UN experts report that North Korea is testing “nuclear trigger devices” and that its preparations for another nuclear test were in a final stage in June, citing information from unnamed countries.

The panel of experts said in new excerpts from its latest report obtained Friday by The Associated Press that it “has been unable to identify test locations and dates” for reported nuclear trigger device tests by a UN member state.

In excerpts obtained Thursday, experts said North Korea is paving the way for additional nuclear tests with new preparations at its northeastern test site and continuing to develop its ability to produce a key ingredient for nuclear weapons.

In the new excerpt, the panel said: “In early June, two member states assessed that preparation for nuclear tests was at a final stage.”

Elsewhere, the panel said in Thursday’s excerpts that North Korea carried out two major attacks this year, resulting in “hundreds of millions of dollars” worth of cryptocurrency assets being stolen. Pyongyang also continues to import oil and export coal illegally in violation of UN sanctions, using the same companies, networks and vessels, he said.

South Korean and US intelligence officials have said they have detected efforts by North Korea to prepare its northeastern Punggye-ri test range for another nuclear test. It would be North Korea’s seventh since 2006 and first since September 2017, when it claimed to have detonated a thermonuclear bomb to attach to its intercontinental ballistic missiles.

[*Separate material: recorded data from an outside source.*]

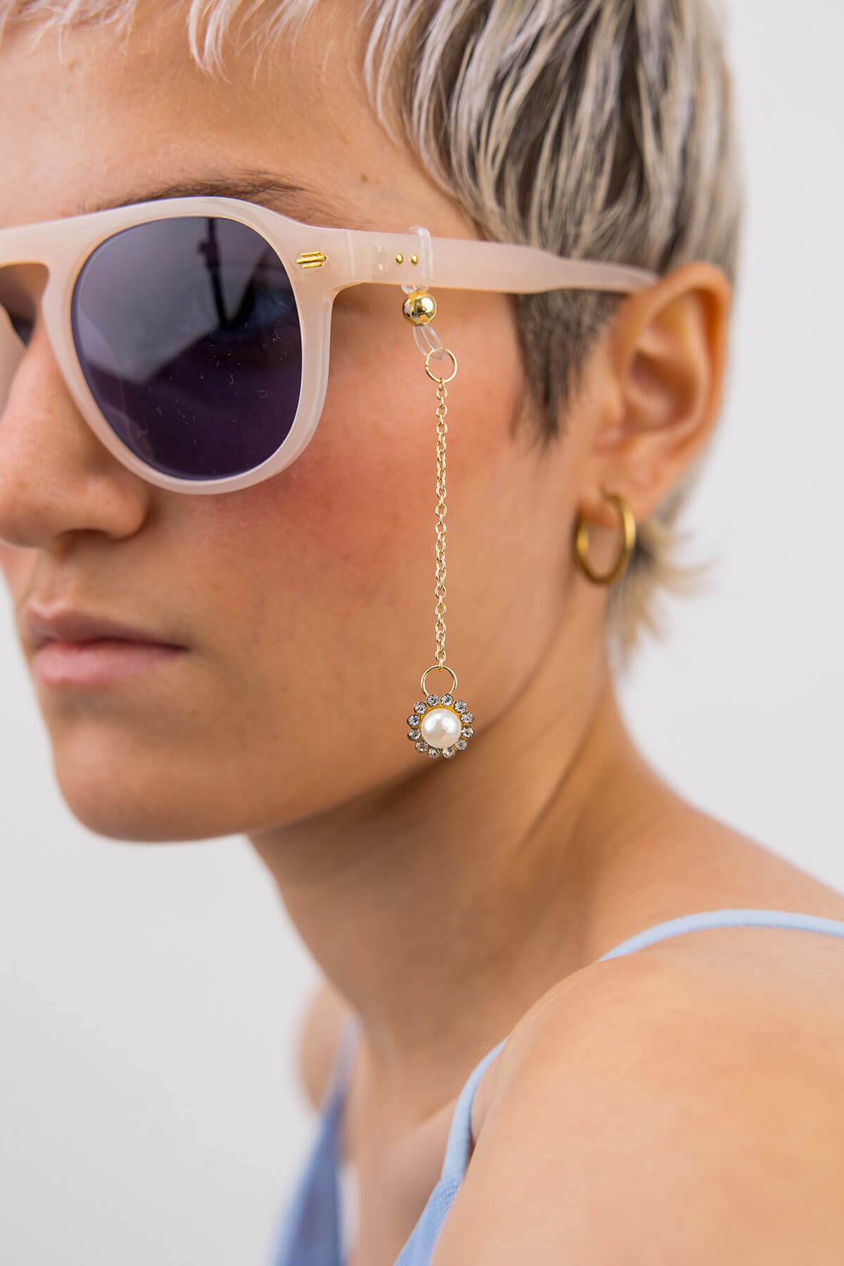 Güneş ve tüm gözlük modelleriniz için uygun gözlük aksesuarı . İnci detaylı kararma yapmayan özel kaplamalı İtalyan zincir.
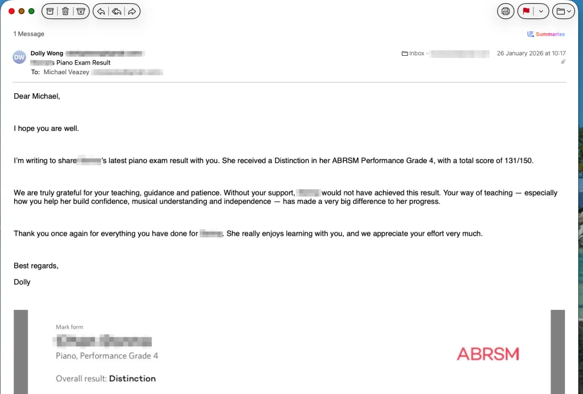 We are truly grateful for your teaching, guidance and patience. Without your support, **** would not have achieved this result. Your way of teaching — especially how you help her build confidence, musical understanding and independence — has made a very big difference to her progress.
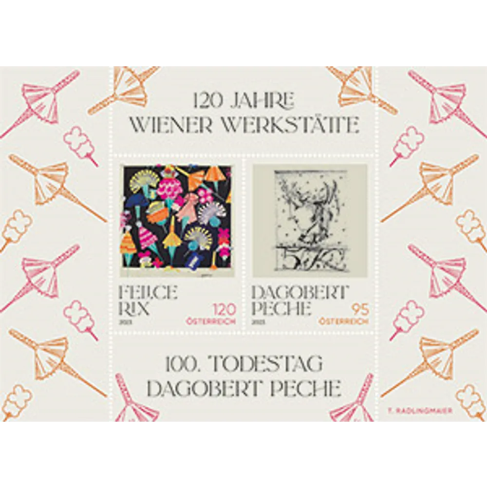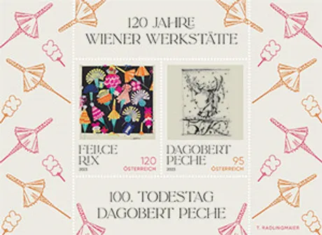 This block of stamps celebrates two anniversaries that share a common history: Dagobert Peche was an important figure in the Wiener Werkstätte.

The report of the panel of experts to the UN Security Council provides some details of the work that the Democratic People’s Republic of Korea, the official name of the country, is carrying out on the site.

The experts said they noted that the DPRK started re-excavation work in March at the entrance of Tunnel 3 in Punggye-ri “and rebuilt the supporting buildings originally dismantled in May 2018.”

“Satellite imagery showed an increased number of vehicle tracks around this secondary entrance from mid-February 2022, followed by the construction of a new building adjacent to the entrance in early March,” the panel said. “A pile of wood, for possible use in the construction of the tunnel structure, was also detected at about the same time.”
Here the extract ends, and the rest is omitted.